City Hall eyes options for powering London’s tube network with 100% renewable energy by 2030

Transport for London (TfL) has launched a market test for tube networks to be supplied with renewable electricity directly from generators, as part of Mayor Sadiq Khan's commitment to deliver a zero-carbon rail network by 2030.


City Hall eyes options for powering London’s tube network with 100% renewable energy by 2030

TfL is London’s single largest consumer of electricity

TfL currently sources its electricity directly from the National Grid via the Crown Commercial Service. The market test will see the body, which is London’s single largest consumer of electricity, develop plans to purchase renewable electricity through external Power Purchase Agreements (PPAs) with wind and solar generators.

Additionally, City Hall has publicly disclosed the energy demands of TfL for the first time, in a bid to help renewable electricity generators and other stakeholders plot a feasible path to 100% renewables.

It revealed that TfL currently consumes 1.6 TWh of electricity annually, as all trains on its network are electrically powered and it operates more than 3,800 hybrid and electric buses. This is equivalent to the electricity consumed by 437,000 average greater London homes.

TfL and the wider Greater London Authority (GLA) will strive to purchase up to 10% of the tube network’s energy demand from renewable PPAs by spring 2022.
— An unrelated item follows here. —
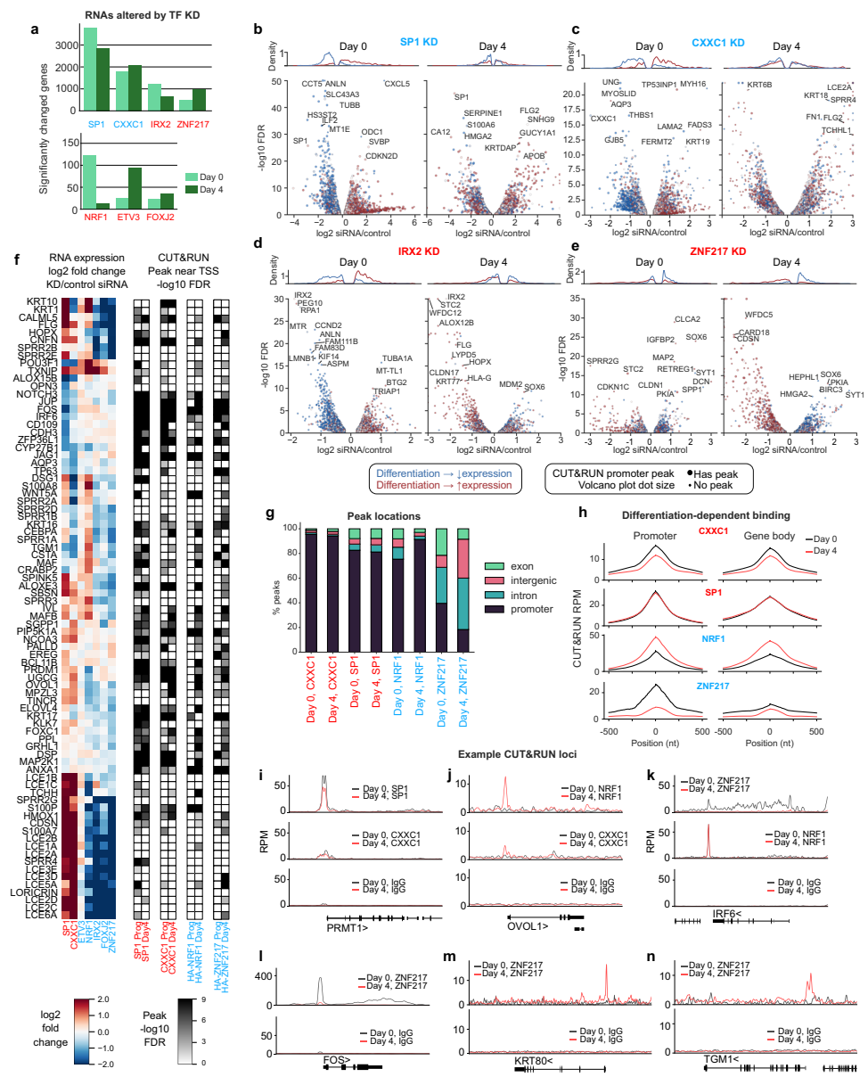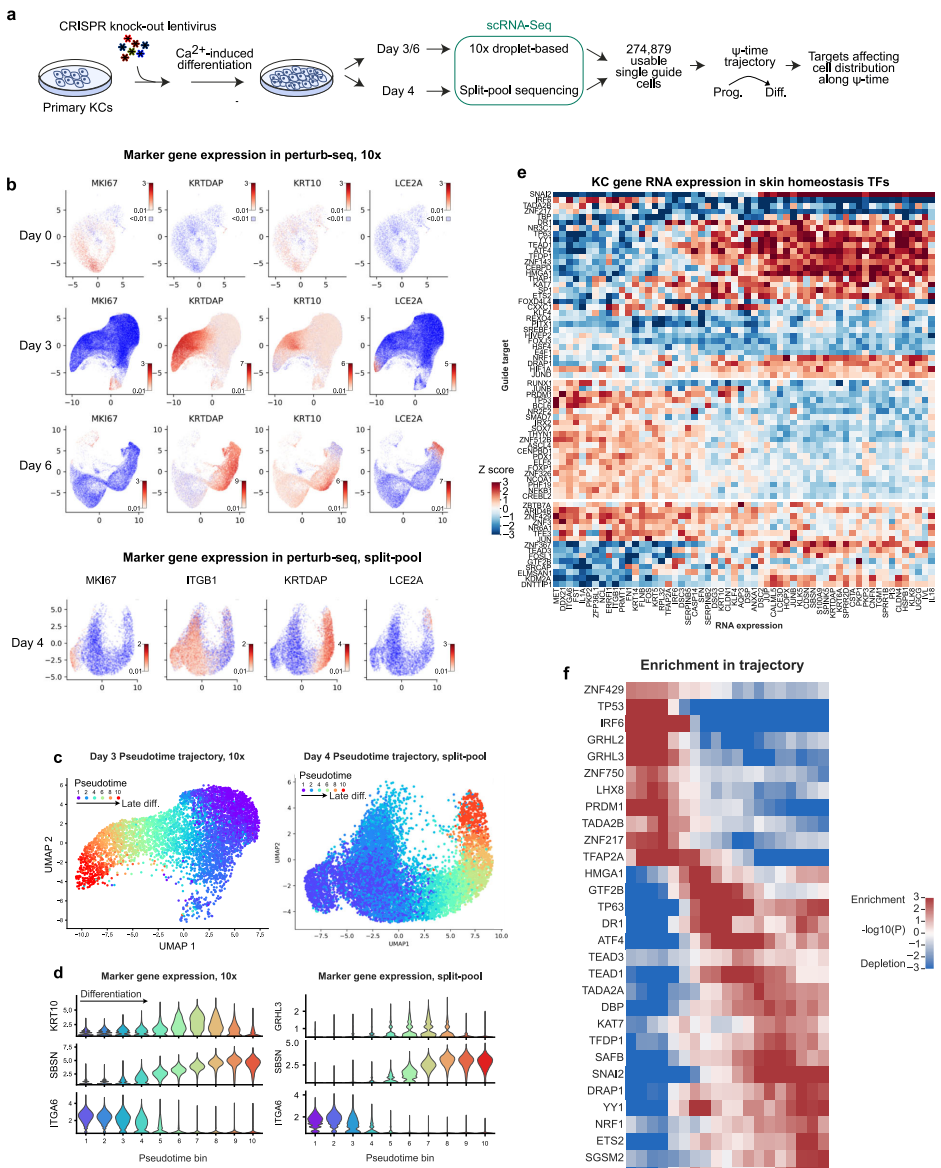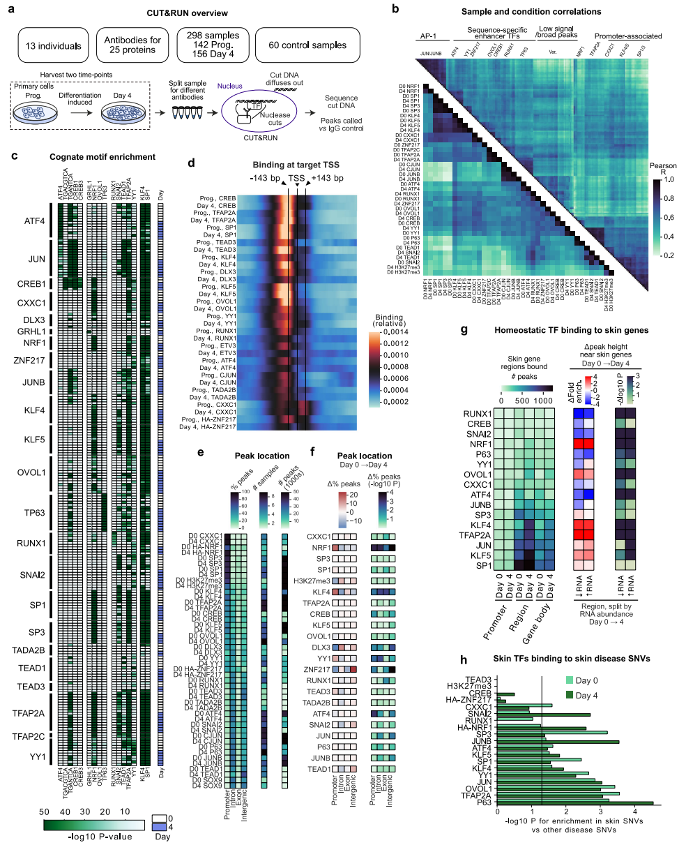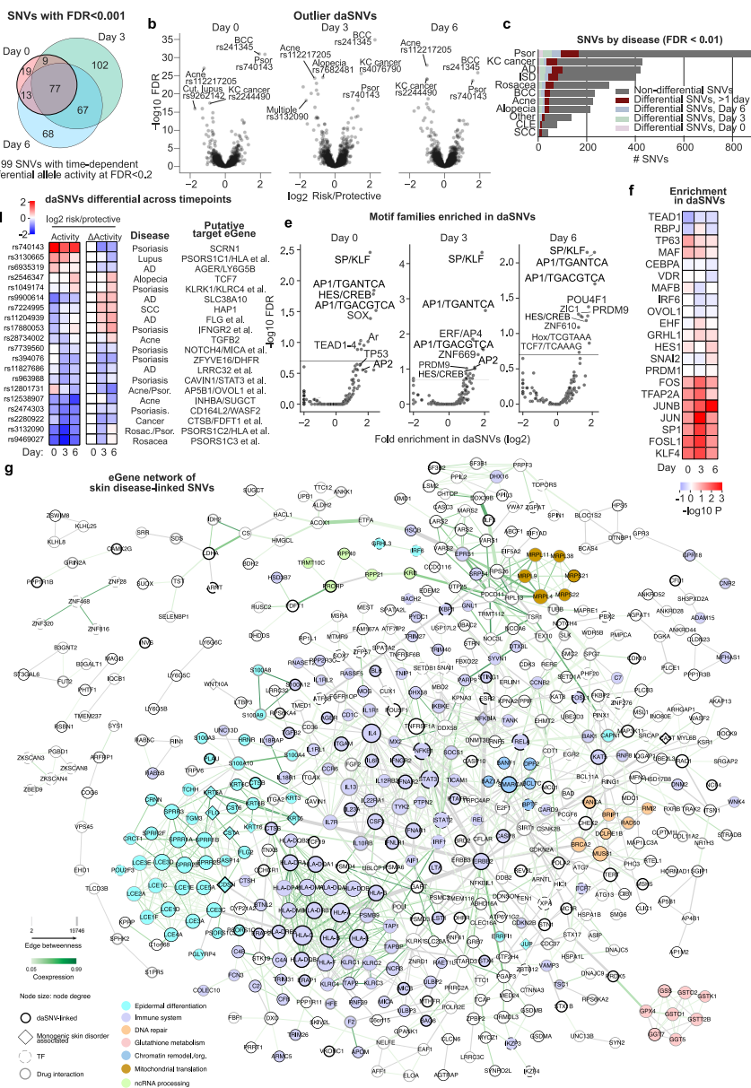 本研究针对多基因皮肤疾病中非编码单核苷酸变异(SNV)如何通过调控转录因子(TF)结合影响基因表达这一关键问题,通过大规模并行报告分析(MPRA)、CRISPR筛选和群体采样CUT&RUN等技术,系统鉴定了355个差异活性SNV(daSNV)和123个表皮稳态必需TF,揭示了AP-1/2和SP/KLF家族转录因子在介导疾病风险变异与表皮分化/炎症基因调控之间的核心作用,为理解多基因皮肤疾病的分子机制提供了重要资源。

City Hall said it had not set a more ambitious target yet due to the “current financial challenges facing TfL”. Central government has had to pour £1.6bn into TfL to bail it out after the Covid-19 pandemic led to a dramatic decrease in passenger numbers. Some 7,000 of the organisation’s staff have been on furlough since March.
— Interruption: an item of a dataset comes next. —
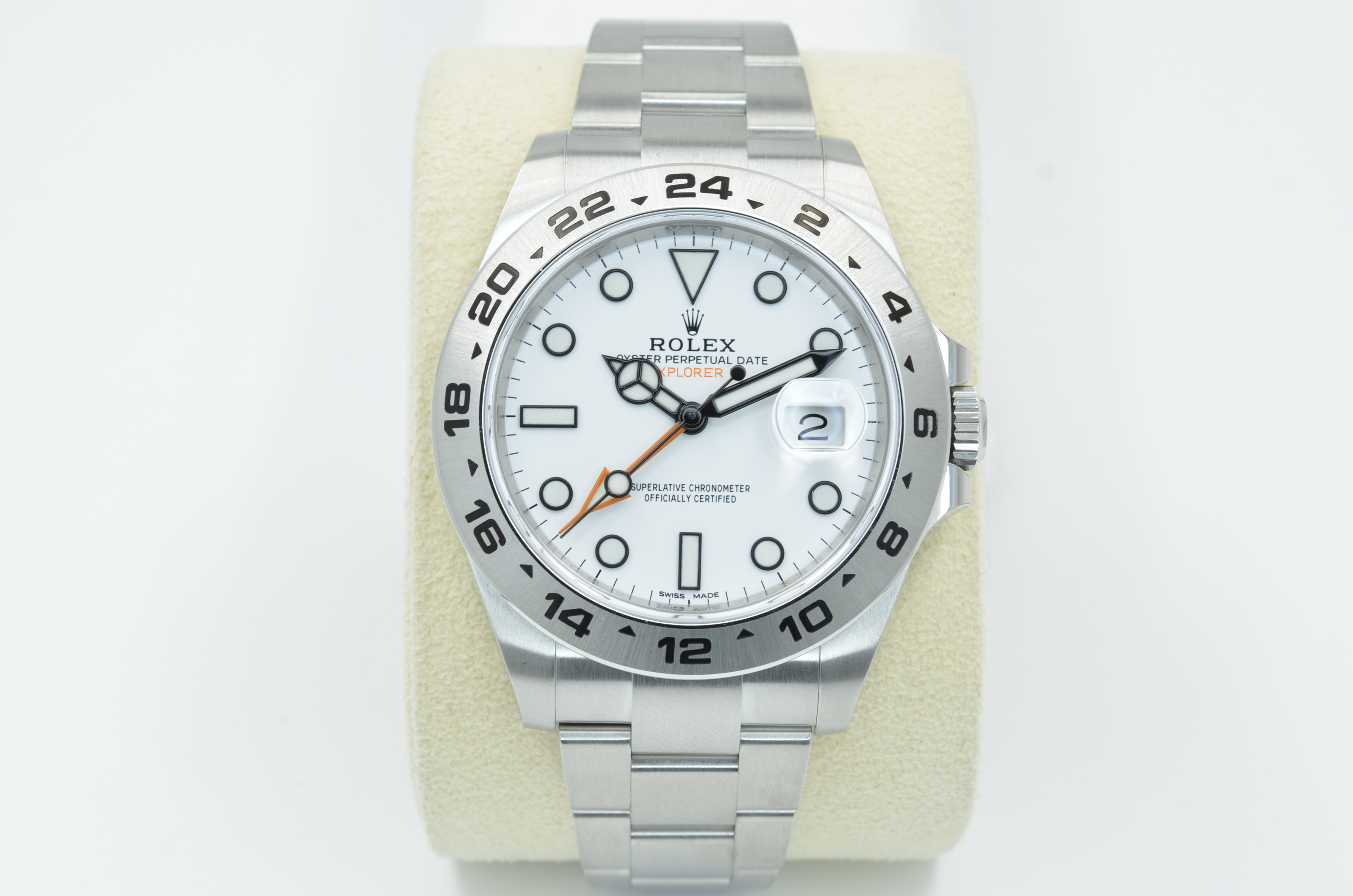 This Rolex Explorer II 216570 has a white dial and a bracelet strap. This Rolex has undergone a thorough inspection of water resistance, accuracy, functionality and condition to determine the level of reconditioning required to meet our strict standards. It has also been referenced against technical documents and manufacturer records where available to ensure authenticity and a clean history. All our watches have a 24-month warranty for your peace of mind. One of our skilled polishing technicians has removed marks on the case and bracelet of this watch, brought about by daily wear and tear, which is why this watch does not come with the remaining manufacturer’s warranty.

Covid-19 has had a devastating impact but as we recover, we want to make sure that we build a better, greener and more equal city,” Sadiq Khan said.
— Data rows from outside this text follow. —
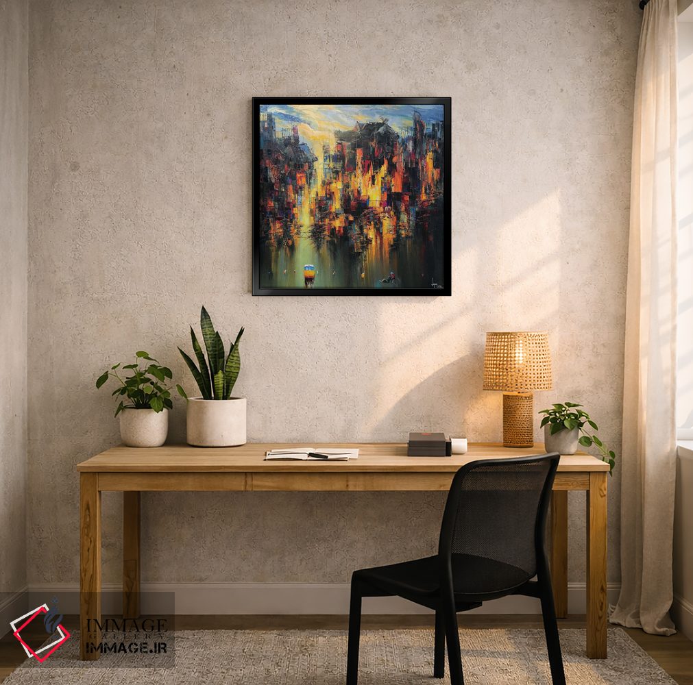 برای گالریوال و چیدمان چندقابی، با ایماژ از طریق تماس—با—ما/">تماس با ما در ارتباط باشید برای اینکه بهترین گزینه را پیدا کنید. بهشرطی که اثر در فضا «پر انرژی و رنگی» دیده شود، نور موضعی ملایم نتیجه را بهتر نشان میدهد و چیدمان را یکدستتر نشان میدهد.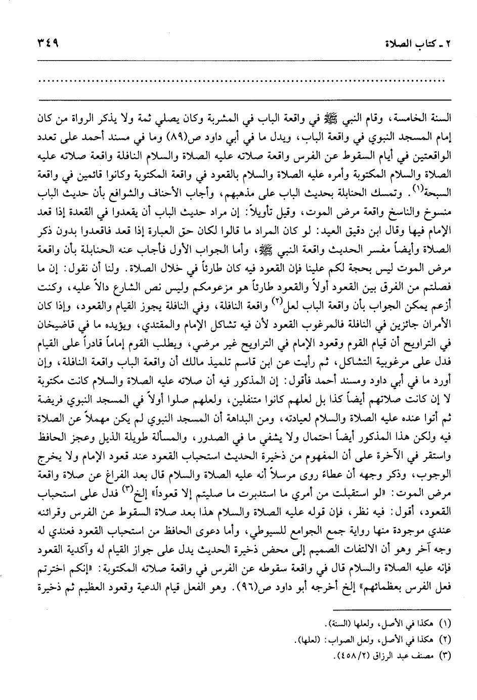 السنة الخامسة، وقام النبي - صَلَّى اللهُ عَلَيْهِ وَسَلَّمَ - في واقعة الباب في المشربة وكان يصلي ثمة ولا يذكر الرواة من كان إمام المسجد النبوي في واقعة الباب، ويدل ما في أبي داود ص (89) وما في مسند أحمد على تعدد الواقعتين في أيام السقوط عن الفرس واقعة صلاته عليه الصلاة والسلام النافلة واقعة صلاته عليه الصلاة والسلام المكتوبة وأمره عليه الصلاة والسلام بالقعود في واقعة المكتوبة وكانوا قائمين في واقعة السبحة. وتمسك الحنابلة بحديث الباب على مذهبهم، وأجاب الأحناف والشوافع بأن حديث الباب منسوخ والناسخ واقعة مرض الموت، وقيل تأويلاً: إن مراد حديث الباب أن يقعدوا في القعدة إذا قعد الإمام فيها وقال ابن دقيق العيد: لو كان المراد ما قالوا لكان حق العبارة إذا قعد فاقعدوا بدون ذكر الصلاة وأيضاً مفسر الحديث واقعة النبي - صَلَّى اللهُ عَلَيْهِ وَسَلَّمَ -، وأما الجواب الأول فأجاب عنه الحنابلة بأن واقعة مرض الموت ليس بحجة لكم علينا فإن القعود فيه كان طارئاً في خلال الصلاة. ولنا أن نقول: إن ما فصلتم من الفرق بين القعود أولاً والقعود طارئاً هو مزعومكم وليس نص الشارع دالاً عليه، وكنت أزعم يمكن الجواب بأن واقعة الباب لعل واقعة النافلة، وفي النافلة يجوز القيام والقعود، وإذا كان الأمران جائزين في النافلة فالمرغوب القعود لأن فيه تشاكل الإمام والمقتدي، ويؤيده ما في قاضيخان في التراويح أن قيام القوم وقعود الإمام في التراويح غير مرضي، ويطلب القوم إماماً قادراً على القيام فدل على مرغوبية التشاكل، ثم رأيت عن ابن قاسم تلميذ مالك أن واقعة الباب واقعة النافلة، وإن أورد ما في أبي داود ومسند أحمد فأقول: إن المذكور فيه أن صلاته عليه الصلاة والسلام كانت مكتوبة لا إن كانت صلاتهم أيضاً كذا بل لعلهم كانوا متنفلين، ولعلهم صلوا أولاً في المسجد النبوي فريضة ثم أتوا عنده عليه الصلاة والسلام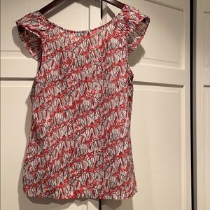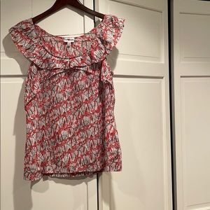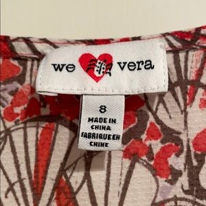 Gorgeous We Love Vera blouse! Purchased at Anthropologie. Sweet scoop neckline with ruffled detailing! Cotton and silk blend fabric!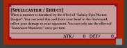 | Comments: | So he's got a built-in, one-sided Ring of Destruction but can only target face up monsters and even if he hits your opponent's last monster, he can't attack directly that turn. |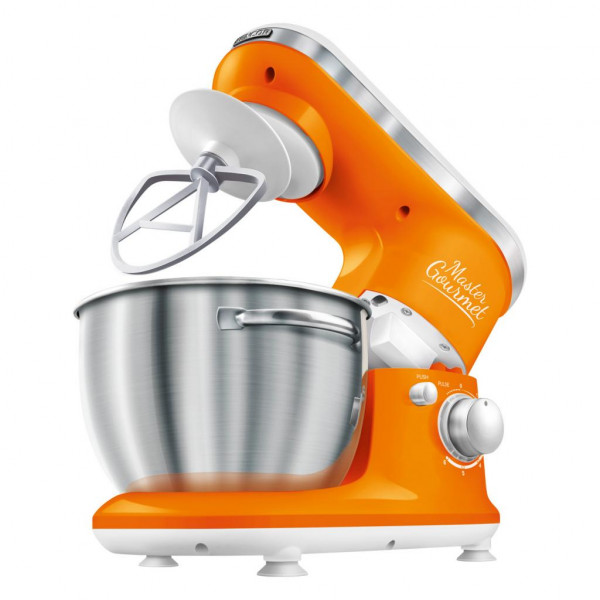 Ідеальний для приготування великих обсягів тіста, крему, збитих вершків, піни і т. Д. Чаша з нержавіючої сталі об'ємом 4 л. Місткість розрахована на приготування до 1,6 кг тіста. 4 знімні насадки: гак для замісу (для важкого, щільного тіста з дріжджами), віночок для перемішування в формі літери A (для кремів і легкого тесту без дріжджів), кулястий віночок для збивання (вершків, яєчних білків і ін.), кришка, яка захищає від розбризкування. Штикова система кріплення насадок дозволяє швидко надягати та змінювати їх. Планетарна система замісу, перемішування і збивання. насадки обертаються навколо своєї осі і одночасно навколо осі редуктора. Дозволяє переробляти 100% вмісту чаші.

“This work to secure cost-effective and renewable energy for the rail network, with ambitions to include the wider GLA group and beyond, will play a key role in London’s green recovery and accelerating action on the climate emergency.”

The new announcement has been welcomed by organisations including the Renewable Energy Association (REA) and Greenpeace. It comes after the GLA embarked on a new project to use wasted heat from the Northern Line to hear Islington properties in winter.

TfL’s 2030 zero-carbon rail ambition forms part of the wider London Plan. With a headline goal of the capital becoming carbon-neutral by 2050, the Plan’s London Environment Strategy (LES) sets out ambitious targets of increasing London’s current solar PV capacity by 20 times by 2050, reducing CO2 emissions by 40% by 2020 against a 1990 baseline, and introducing zero-emission zones in some town centres by the end of 2020, five years ahead of the previous target, to assist businesses with the uptake of electric vehicles.